■ RECORDED INFORMATION ■
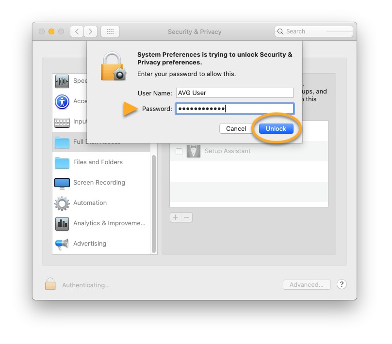 Wenn Sie macOS Mojave (10.14) oder höher verwenden und AVG AntiVirus oder AVG TuneUp Premium installiert haben, müssen Sie vollständigen Festplattenzugriff auf Ihrem Mac aktiviert haben, um sicherzustellen, dass Ihr AVG-Produkt einwandfrei funktioniert.
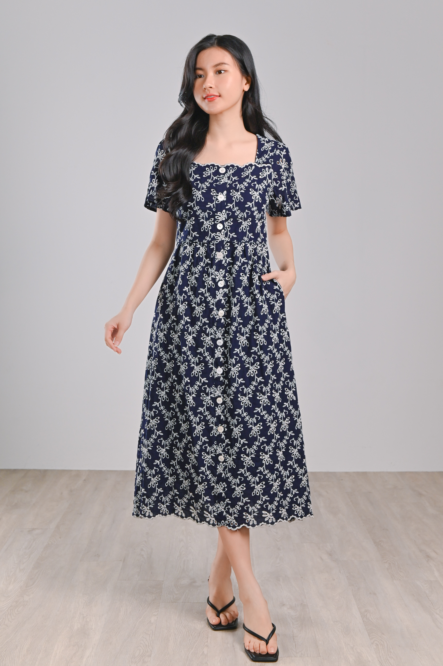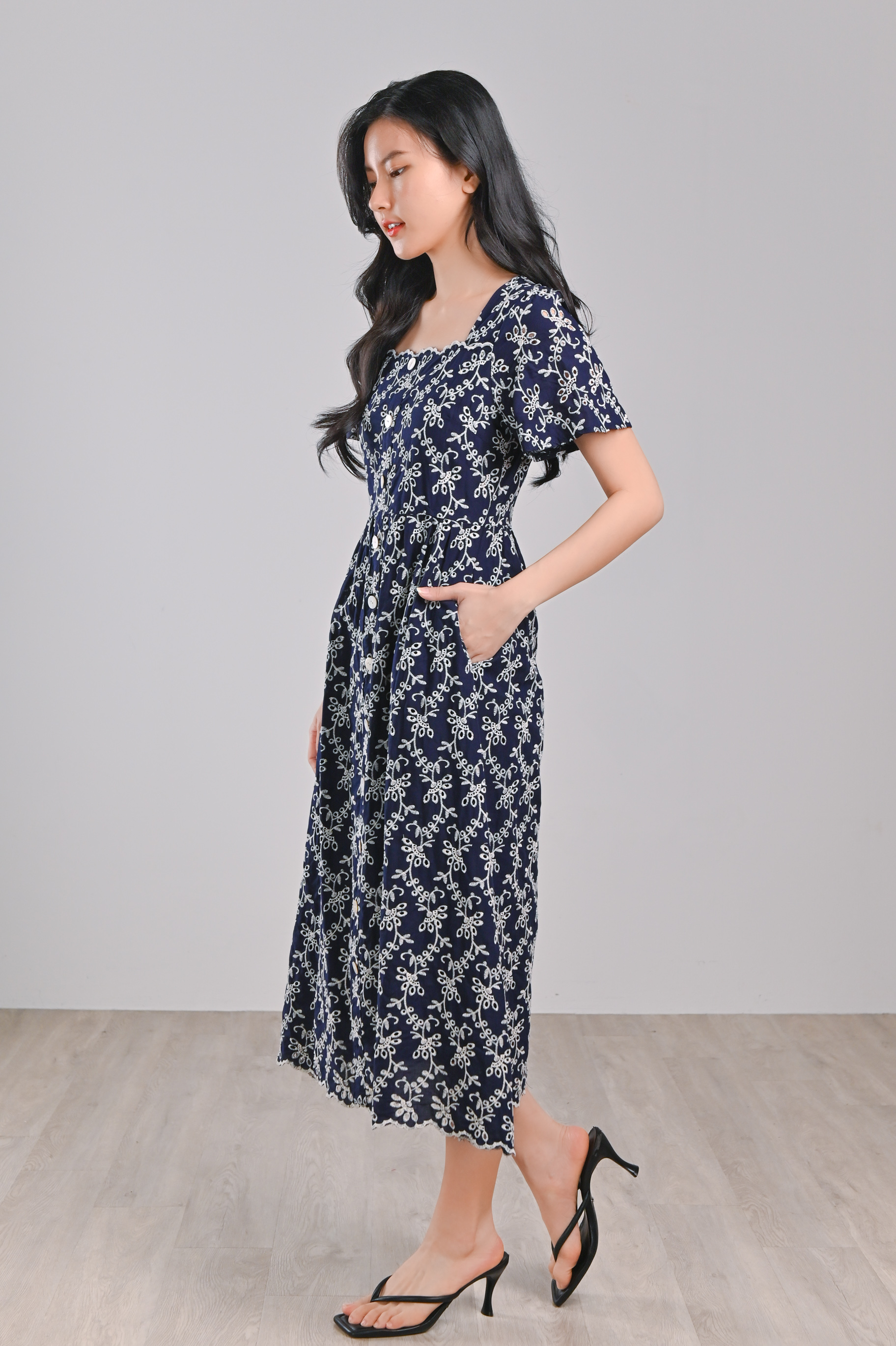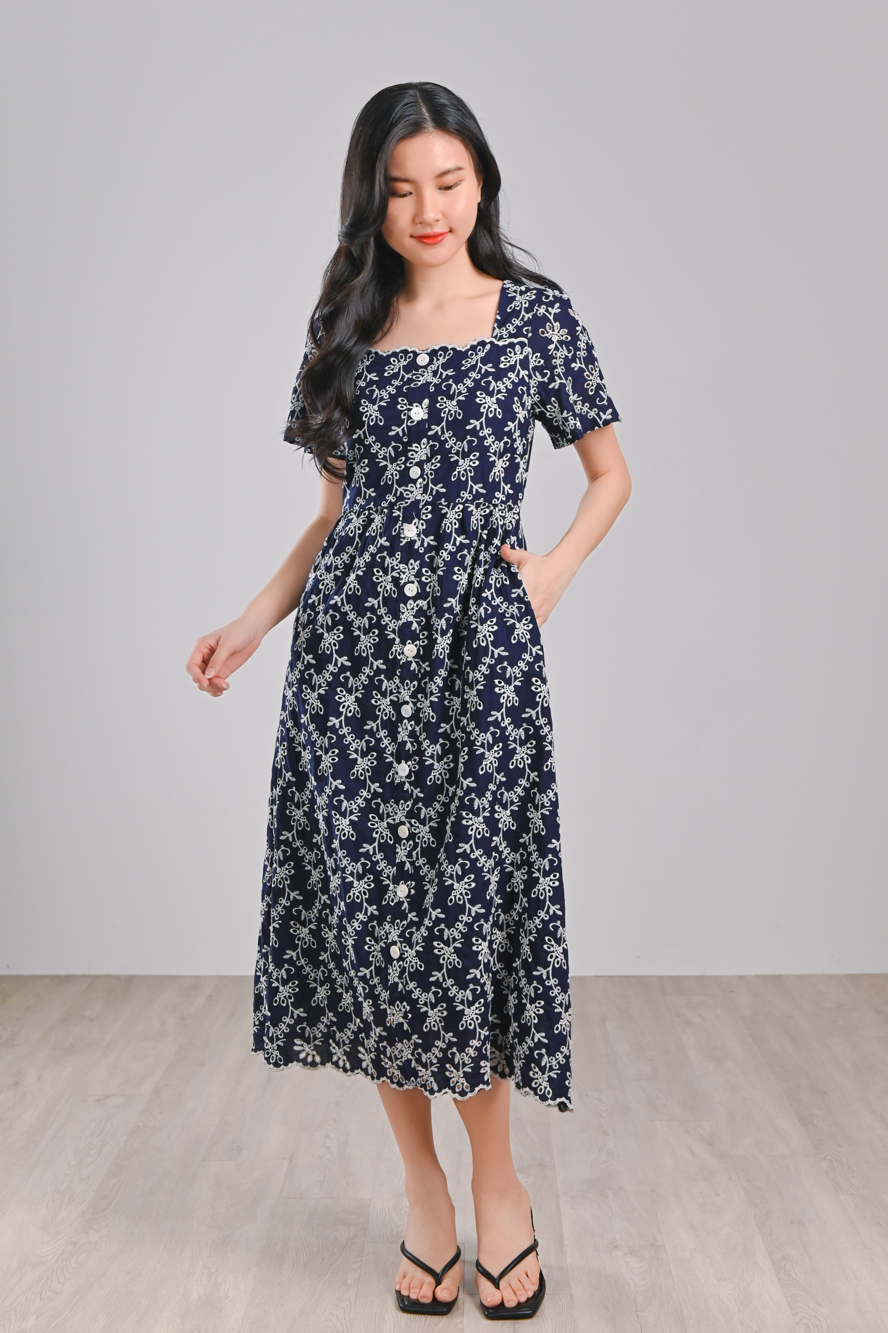 LOVYSE NAVY EYELET MIDI DRESS
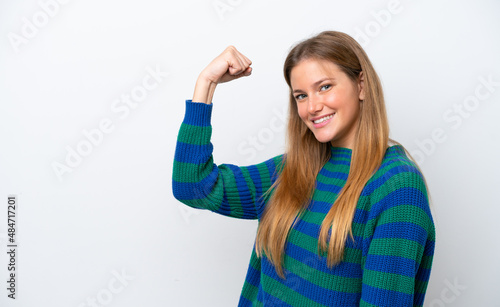 Young caucasian woman isolated on white background doing strong gesture

■ BRIEF ■
What is needed here is an exact repetition of the listing above, pictures excluded.

■ YOUR SOLUTION ■
 Wenn Sie macOS Mojave (10.14) oder höher verwenden und AVG AntiVirus oder AVG TuneUp Premium installiert haben, müssen Sie vollständigen Festplattenzugriff auf Ihrem Mac aktiviert haben, um sicherzustellen, dass Ihr AVG-Produkt einwandfrei funktioniert.
 LOVYSE NAVY EYELET MIDI DRESS
 Young caucasian woman isolated on white background doing strong gesture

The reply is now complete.